When calling it a Jiangnan waterside town, we simply feel the tenderness. Moreover, the Jiangnan popular tune played in soft dialect, white walls, bamboo shadow, bridges over the river and large compounds along the old streets add poetry to such tenderness.
Recently, China National Geography started a evaluation campaign for a list of popular scenic spots in China, in which the most popular Jiangnan waterside town is granted to Shaoxing, the old town widely known as “the museum of ancient bridges”.
Among so many Jiangnan waterside towns, why Shaoxing prevails in terms of popularity?
Probably because Shaoxing is a waterside town marked by the black-awning boat as Lu Xun described; it embraces a culture of 2500 years and has bred so many prominent figures but still remains humble and self-composed; its history has been recorded in numerous volumes of literature works created here.

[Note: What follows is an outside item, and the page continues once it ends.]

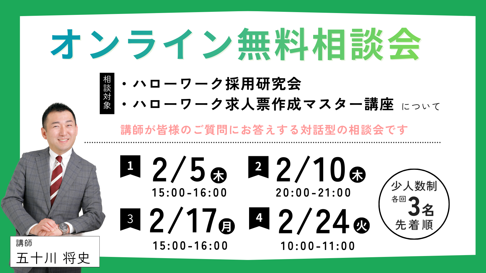 \NEW/ 2月の開催スケジュールを公開しました。 ハローワーク採用研究会・ハローワーク求人票作成マスター講座「オンライン無料相談会」 |

Or because it’s like an open museum where even a dark and quiet corner or the glimmering water ripple under the bridge will remind you of its past.

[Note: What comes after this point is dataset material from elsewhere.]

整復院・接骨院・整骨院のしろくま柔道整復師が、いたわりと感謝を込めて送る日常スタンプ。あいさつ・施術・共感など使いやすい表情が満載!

Or rather because of the Shaoxing rice wine that people must drink every day, and the soy sauce that must be served in every meal.
Whatever the reason is, this town running by the black-awning boat deserves it.
The light fragrance of rice wine in the air, the leisure black-awning boat along the river and the vigorous opera from the stage have, though, gone through more than two thousand years, still remain tranquil, gentle and lingering.